What is the locus of $\{e^{i \theta} + be^{-i \theta} \ : \theta \in [0, 2 \pi] \}$ for fixed $b \in \mathbb{C}$?
Write $ w := u +iv = z+b \bar z$, where $z$ traverses the unit circle exactly once. After substituting $Re(z)= \cos \theta, Im(z) = \sin \theta$ and some algebra I get,
$ (1): \ v^2 + \frac{(1-b)^2 u^2}{(1+b)^2} = 1-b ^2$ for $ b \neq 1,-1$ and $(2): \ w=2Rez, (3): \ w= -2Imz$ for $ b=1$ and $b=-1$ respectively.
If it weren't for the fact that $b$ is complex I would say that $(1)$ is just a conic section. Can someone help me finish this off/ tell me where I've gone wrong? Many thanks!

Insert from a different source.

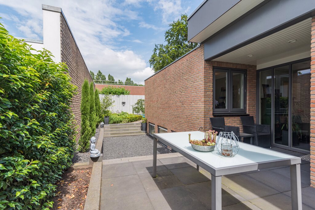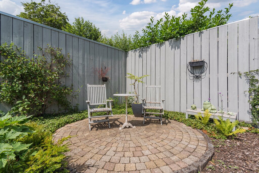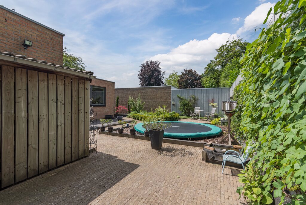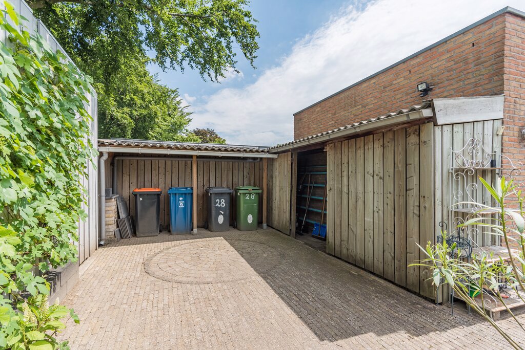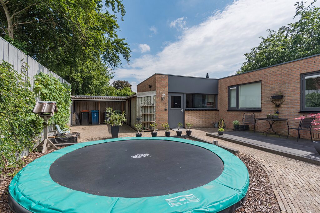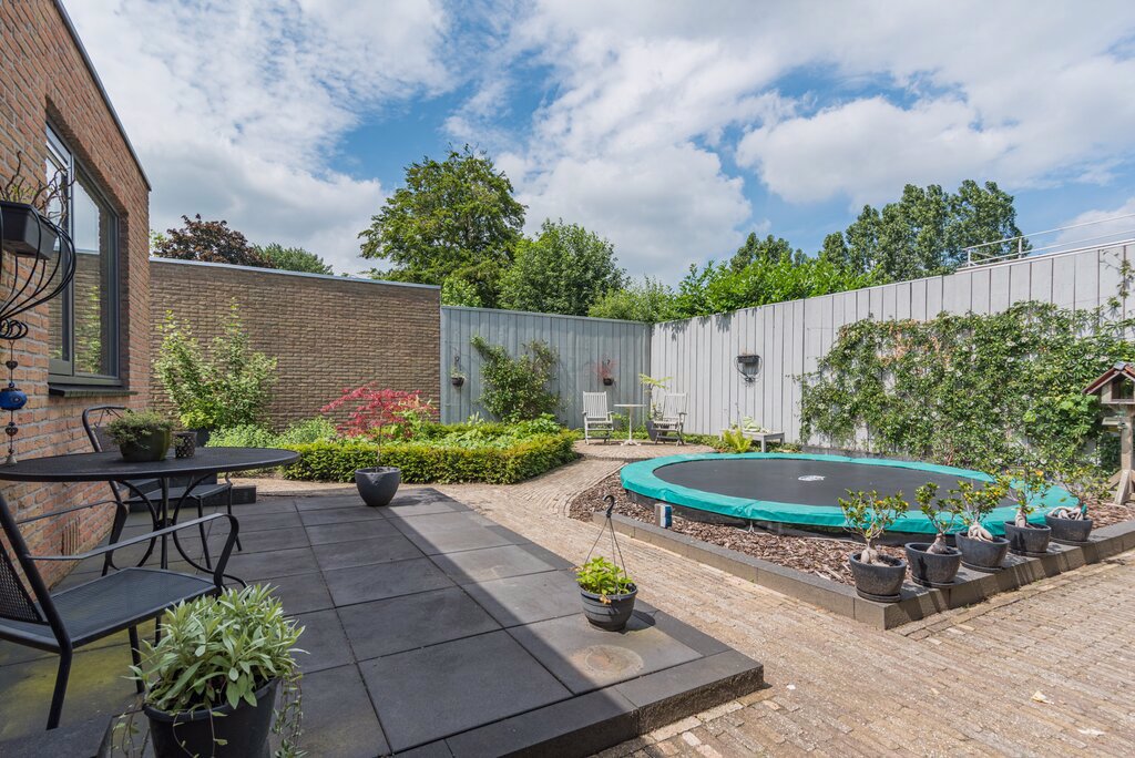 De achtertuin ligt op het noordwesten. Op het terras naast de woning kun je genieten van de middag- en avondzon. Achterin de tuin is een overkapping gemaakt voor tuingereedschap en de kliko’s. Achter de schutting ligt een groenstrook met daaraan grenzend een fietspad.

Writing $b = p + iq$ for $p, q \in \mathbb{R}$, we can expand the expression as
\begin{align*} e^{i\theta} + be^{-i\theta} &= (\cos\theta + i\sin\theta) + (p+iq)(\cos\theta-i\sin\theta) \\ &= ((1+p)\cos\theta + q\sin\theta) + i((1-p)\sin\theta + q\cos\theta). \end{align*}
So if we write $x + iy = e^{i\theta} + be^{-i\theta}$ for real $x, y$, we are led to the system of linear equations
$$ \begin{pmatrix} x \\ y \end{pmatrix} = \begin{pmatrix} 1+p & q \\ q & 1-p \end{pmatrix} \begin{pmatrix} \cos\theta \\ \sin\theta \end{pmatrix}. \tag{*}$$
If you are familiar with spectral theorem, this allows to deduce that the locus is a possibly degenerate ellipse whose major and minor axes are determined by the eigenvalue/eigenvector pairs of the 2 by 2 matrix appearing in $\text{(*)}$.
Otherwise, we can still tackle this problem by more elementary means. We have two cases:
If $|b| \neq 1$ so that the 2 by 2 matrix appearing in $\text{(*)}$ is invertible, then solving $\text{(*)}$ to obtian
$$ \begin{pmatrix} \cos\theta \\ \sin\theta \end{pmatrix} = \frac{1}{1-|b|^2} \begin{pmatrix} 1-p & -q \\ -q & 1+p \end{pmatrix} \begin{pmatrix} x \\ y \end{pmatrix} $$
and then plugging this to the relation $\cos^2\theta + \sin^2\theta = 1$, we end up with
$$ ((1-p)x - qy)^2 + (-qx + (1+p)y)^2 = (1-|b|^2)^2. $$
This is the equation of the locus, and it is indeed an ellipse.
If $|b| = 1$, then write $b = e^{i\alpha}$ and note that
$$ e^{i\theta} + be^{-i\theta} = e^{i\alpha/2} \bigl( e^{i(\theta-\alpha/2)} + e^{-i(\theta-\alpha/2)} \bigr) = 2 e^{i\alpha/2} \cos(\theta-\alpha/2). $$
So the locus is the line segment $[-2, 2]$ rotated around $0$ by $\alpha/2$ radian.